J'ai beaucoup de respect pour le métier de journaliste. J'ai un métier, et cela me suffit. Par contre, j'ai un avantage par rapport aux journalistes, c'est que je peux être subjectif, et partial. Je l'assume dans mes écrits, je dis que ce n'est pas du journalisme. Après, au niveau de la mobilisation, il est vrai qu'il y a une complémentarité entre journalistes et cyber-activistes. Les journalistes ne peuvent pas se trouver partout, alors que les cyber-activistes, si. Ce n'est pas le même travail, mais ça permet aux journalistes d'avoir une matière. Après, charge à eux de creuser le sujet.
Souvent, après la forte mobilisation des cyber-activistes pour telle ou telle cause, comme l'affaire Amina Filali, on assiste un essoufflement de la mobilisation. Pour quelle raison ?

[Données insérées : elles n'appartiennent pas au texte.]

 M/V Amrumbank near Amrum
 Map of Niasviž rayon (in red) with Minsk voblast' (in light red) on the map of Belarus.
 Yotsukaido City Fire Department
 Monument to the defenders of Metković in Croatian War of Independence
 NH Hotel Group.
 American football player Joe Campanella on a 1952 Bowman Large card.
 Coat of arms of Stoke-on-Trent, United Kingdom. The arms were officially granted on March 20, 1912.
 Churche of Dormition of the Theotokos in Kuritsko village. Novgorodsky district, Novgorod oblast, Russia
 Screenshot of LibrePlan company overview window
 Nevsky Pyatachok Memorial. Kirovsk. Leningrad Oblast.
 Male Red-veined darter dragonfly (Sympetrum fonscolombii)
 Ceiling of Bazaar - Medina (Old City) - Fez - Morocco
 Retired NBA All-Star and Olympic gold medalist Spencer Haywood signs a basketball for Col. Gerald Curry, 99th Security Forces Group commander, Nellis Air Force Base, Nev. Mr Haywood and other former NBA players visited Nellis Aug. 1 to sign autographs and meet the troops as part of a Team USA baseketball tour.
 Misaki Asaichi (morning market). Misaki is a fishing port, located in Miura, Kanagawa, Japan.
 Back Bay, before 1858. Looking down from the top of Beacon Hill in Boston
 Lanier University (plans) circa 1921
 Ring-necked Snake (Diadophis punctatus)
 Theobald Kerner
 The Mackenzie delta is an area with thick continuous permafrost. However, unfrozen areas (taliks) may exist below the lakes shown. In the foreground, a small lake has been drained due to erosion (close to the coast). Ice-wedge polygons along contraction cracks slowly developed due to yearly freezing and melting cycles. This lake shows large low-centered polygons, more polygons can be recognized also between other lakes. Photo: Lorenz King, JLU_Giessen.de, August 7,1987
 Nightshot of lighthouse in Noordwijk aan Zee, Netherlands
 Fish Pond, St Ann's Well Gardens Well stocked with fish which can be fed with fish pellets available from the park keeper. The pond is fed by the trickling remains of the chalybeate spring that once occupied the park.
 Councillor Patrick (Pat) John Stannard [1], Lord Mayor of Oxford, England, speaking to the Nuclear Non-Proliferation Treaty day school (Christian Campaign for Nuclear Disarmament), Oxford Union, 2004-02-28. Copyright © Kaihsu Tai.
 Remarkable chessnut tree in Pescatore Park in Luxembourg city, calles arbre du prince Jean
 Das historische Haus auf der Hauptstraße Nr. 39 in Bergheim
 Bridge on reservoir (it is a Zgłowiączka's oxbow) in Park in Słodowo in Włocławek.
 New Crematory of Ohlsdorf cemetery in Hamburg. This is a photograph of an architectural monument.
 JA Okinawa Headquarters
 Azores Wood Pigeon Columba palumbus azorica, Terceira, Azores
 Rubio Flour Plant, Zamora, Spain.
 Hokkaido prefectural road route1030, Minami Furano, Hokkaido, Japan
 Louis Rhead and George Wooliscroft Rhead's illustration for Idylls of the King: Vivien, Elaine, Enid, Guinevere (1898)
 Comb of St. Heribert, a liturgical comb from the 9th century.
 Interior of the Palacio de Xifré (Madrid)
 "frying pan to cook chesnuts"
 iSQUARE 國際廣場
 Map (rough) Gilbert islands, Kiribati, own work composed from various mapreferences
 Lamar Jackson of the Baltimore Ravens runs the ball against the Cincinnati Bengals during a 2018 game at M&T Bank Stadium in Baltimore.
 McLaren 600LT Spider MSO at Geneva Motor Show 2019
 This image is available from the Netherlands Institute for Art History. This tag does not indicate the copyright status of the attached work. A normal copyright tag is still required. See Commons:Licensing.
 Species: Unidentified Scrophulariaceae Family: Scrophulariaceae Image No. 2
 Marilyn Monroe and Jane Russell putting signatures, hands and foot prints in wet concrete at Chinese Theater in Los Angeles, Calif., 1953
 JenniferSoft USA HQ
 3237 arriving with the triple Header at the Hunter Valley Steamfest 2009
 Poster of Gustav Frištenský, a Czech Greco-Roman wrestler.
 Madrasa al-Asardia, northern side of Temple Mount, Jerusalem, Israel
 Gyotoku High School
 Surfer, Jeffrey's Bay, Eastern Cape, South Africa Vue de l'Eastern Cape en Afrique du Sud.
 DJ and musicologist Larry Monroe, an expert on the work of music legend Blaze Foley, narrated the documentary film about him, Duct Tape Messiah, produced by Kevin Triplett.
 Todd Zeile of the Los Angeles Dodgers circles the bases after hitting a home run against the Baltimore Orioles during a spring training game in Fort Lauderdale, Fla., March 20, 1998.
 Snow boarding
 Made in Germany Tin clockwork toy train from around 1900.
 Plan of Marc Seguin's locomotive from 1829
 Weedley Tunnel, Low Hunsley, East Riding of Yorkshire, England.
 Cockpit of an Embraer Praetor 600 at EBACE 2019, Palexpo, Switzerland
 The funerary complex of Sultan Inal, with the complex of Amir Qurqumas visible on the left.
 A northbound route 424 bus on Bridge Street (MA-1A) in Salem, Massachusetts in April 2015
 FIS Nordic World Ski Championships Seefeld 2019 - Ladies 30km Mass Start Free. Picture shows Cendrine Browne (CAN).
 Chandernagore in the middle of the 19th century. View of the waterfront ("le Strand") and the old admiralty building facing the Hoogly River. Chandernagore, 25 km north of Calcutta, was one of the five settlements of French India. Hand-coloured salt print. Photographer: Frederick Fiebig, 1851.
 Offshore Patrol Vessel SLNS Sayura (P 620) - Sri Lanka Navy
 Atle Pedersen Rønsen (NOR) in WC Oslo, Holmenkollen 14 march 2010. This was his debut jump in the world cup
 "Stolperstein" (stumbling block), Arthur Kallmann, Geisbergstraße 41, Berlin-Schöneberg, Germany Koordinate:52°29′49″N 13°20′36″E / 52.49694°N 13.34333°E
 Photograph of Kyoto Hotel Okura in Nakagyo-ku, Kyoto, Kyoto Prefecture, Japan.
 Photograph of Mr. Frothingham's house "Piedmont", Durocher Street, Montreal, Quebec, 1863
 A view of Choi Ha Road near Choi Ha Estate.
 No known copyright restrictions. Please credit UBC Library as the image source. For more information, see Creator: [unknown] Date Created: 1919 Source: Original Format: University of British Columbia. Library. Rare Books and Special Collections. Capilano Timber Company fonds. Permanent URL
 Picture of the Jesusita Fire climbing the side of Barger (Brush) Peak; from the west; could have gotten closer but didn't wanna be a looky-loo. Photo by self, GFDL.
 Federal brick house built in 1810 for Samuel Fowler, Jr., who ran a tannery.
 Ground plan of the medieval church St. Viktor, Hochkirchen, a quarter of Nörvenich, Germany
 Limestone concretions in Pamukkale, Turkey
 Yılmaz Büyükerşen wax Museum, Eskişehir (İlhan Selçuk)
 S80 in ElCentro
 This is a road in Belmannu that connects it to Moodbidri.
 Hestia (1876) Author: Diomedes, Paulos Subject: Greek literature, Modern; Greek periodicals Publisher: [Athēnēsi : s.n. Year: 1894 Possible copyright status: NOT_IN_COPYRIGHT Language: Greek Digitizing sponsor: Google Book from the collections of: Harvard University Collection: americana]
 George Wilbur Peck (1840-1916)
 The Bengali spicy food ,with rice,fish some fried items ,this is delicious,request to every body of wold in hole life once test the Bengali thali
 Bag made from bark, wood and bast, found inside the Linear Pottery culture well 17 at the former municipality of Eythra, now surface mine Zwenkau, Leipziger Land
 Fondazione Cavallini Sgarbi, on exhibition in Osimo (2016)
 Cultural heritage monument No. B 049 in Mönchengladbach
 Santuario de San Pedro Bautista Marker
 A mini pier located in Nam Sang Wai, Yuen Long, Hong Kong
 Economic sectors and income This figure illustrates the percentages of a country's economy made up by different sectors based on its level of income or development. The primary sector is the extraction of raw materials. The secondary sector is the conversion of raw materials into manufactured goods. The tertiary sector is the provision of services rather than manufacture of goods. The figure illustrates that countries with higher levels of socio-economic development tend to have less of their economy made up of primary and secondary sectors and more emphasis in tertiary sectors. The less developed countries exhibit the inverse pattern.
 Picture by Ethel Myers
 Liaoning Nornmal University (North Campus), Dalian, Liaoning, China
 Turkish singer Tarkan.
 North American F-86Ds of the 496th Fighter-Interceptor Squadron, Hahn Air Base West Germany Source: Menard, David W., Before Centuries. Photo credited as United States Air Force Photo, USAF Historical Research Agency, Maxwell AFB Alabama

On remarque en effet que la mobilisation représente juste une séquence parmi d'autres. Pour Amina Filali, on a remarqué une émotion sincère de la part des gens. Mais il faut faire travailler son bon sens. A un moment, la mobilisation s'essouffle. Il faut savoir aussi qu'il y a une multitude d'affaires, plus ou moins médiatisées. On ne peut pas continuer à courir seul, il faut que d'autres personnes prennent le relais. Mais on remarque pourtant que ce sont les mêmes personnes qui restent mobilisées et motivées. Le cyber-activisme ne remplace donc pas les structures politiques. Il faut qu'il y ait en parallèle des organisations, et des outils institutionnels des organisations politiques. Ceux qui se sont dirigés vers le web l'ont fait par rejet de la classe politique existante. La demande est là, elle s'exprime et est exigeante. Charge aux autres de faire une meilleure offre. Mais je pense qu'un jour ou l'autre, il y aura une convergence entre les cyber-activistes et les politiques.